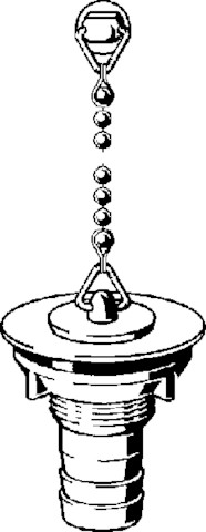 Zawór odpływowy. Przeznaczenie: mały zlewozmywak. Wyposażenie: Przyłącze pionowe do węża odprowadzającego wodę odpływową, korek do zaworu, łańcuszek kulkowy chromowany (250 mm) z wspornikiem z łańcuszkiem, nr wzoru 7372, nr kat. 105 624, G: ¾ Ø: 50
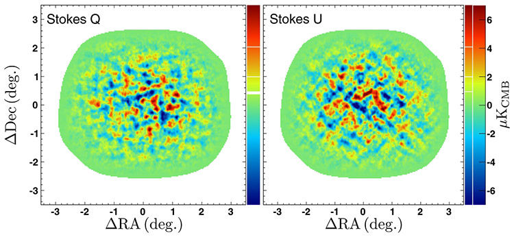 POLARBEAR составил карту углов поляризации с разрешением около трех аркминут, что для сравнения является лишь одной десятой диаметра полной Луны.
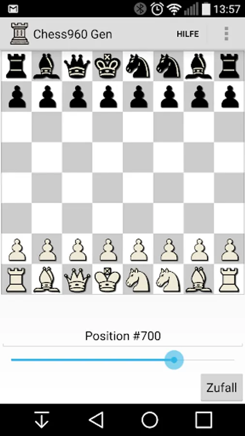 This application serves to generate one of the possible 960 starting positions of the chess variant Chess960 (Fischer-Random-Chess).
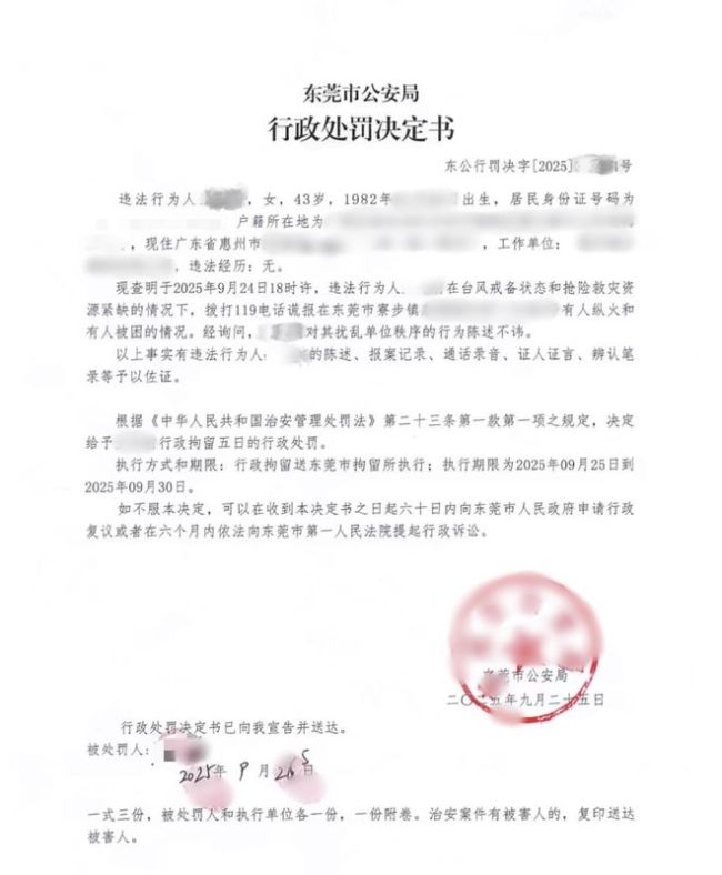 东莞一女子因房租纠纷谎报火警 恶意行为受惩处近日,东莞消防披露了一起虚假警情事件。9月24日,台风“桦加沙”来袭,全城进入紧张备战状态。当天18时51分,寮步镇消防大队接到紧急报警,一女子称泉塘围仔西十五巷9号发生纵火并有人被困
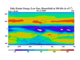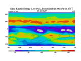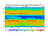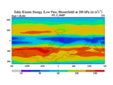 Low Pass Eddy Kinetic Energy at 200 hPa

# # # #

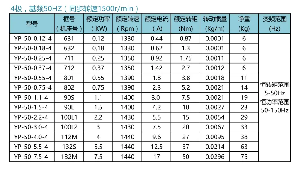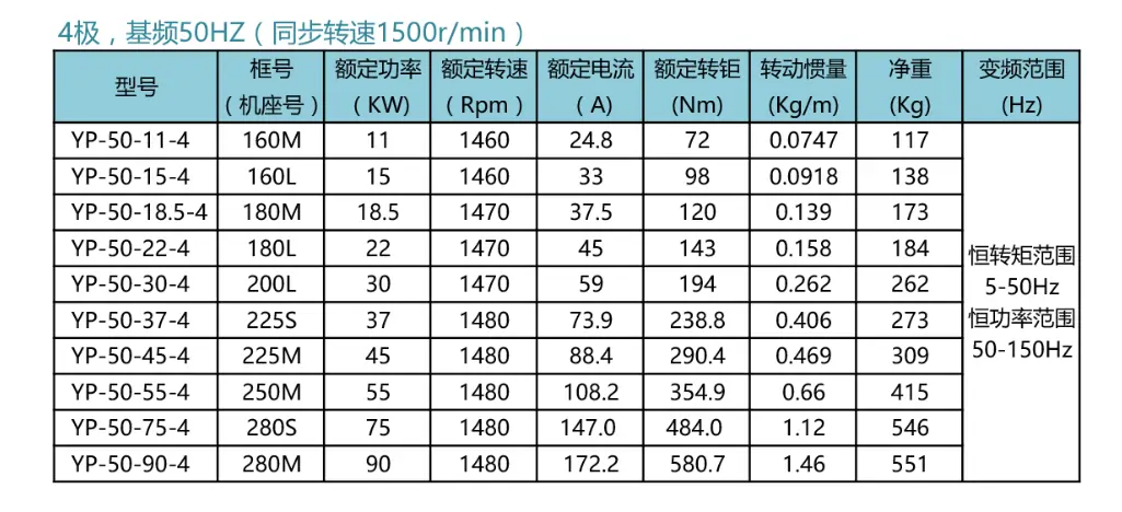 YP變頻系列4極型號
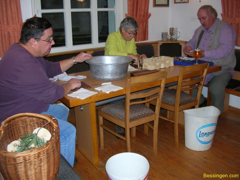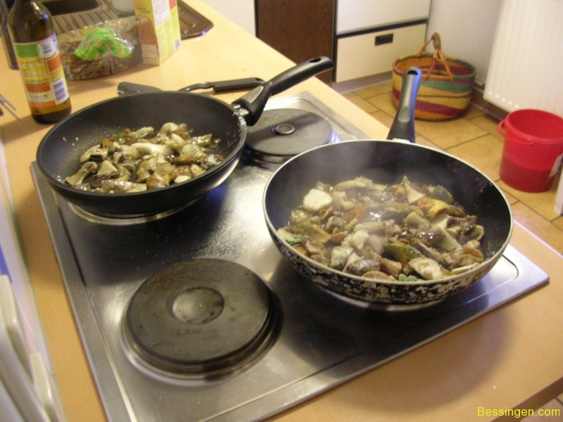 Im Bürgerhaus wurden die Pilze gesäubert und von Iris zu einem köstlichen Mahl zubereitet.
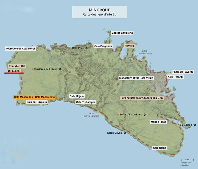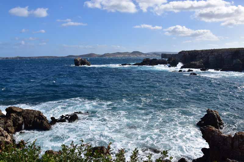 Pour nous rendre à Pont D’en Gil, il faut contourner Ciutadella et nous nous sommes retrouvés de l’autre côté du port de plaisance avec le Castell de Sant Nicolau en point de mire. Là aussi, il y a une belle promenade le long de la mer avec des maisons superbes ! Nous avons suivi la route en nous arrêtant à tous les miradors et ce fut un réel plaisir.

# # # #

● DIRECTIONS:
For this exercise, please set down exactly the lines of the listing above from the line with "POLARBEAR составил карту" up to and including the line with "Low Pass Eddy Kinetic Energy at 200 hPa", and no pictures.

● ANSWER TO THIS PROBLEM:
 POLARBEAR составил карту углов поляризации с разрешением около трех аркминут, что для сравнения является лишь одной десятой диаметра полной Луны.
 This application serves to generate one of the possible 960 starting positions of the chess variant Chess960 (Fischer-Random-Chess).
 东莞一女子因房租纠纷谎报火警 恶意行为受惩处近日,东莞消防披露了一起虚假警情事件。9月24日,台风“桦加沙”来袭,全城进入紧张备战状态。当天18时51分,寮步镇消防大队接到紧急报警,一女子称泉塘围仔西十五巷9号发生纵火并有人被困
 Low Pass Eddy Kinetic Energy at 200 hPa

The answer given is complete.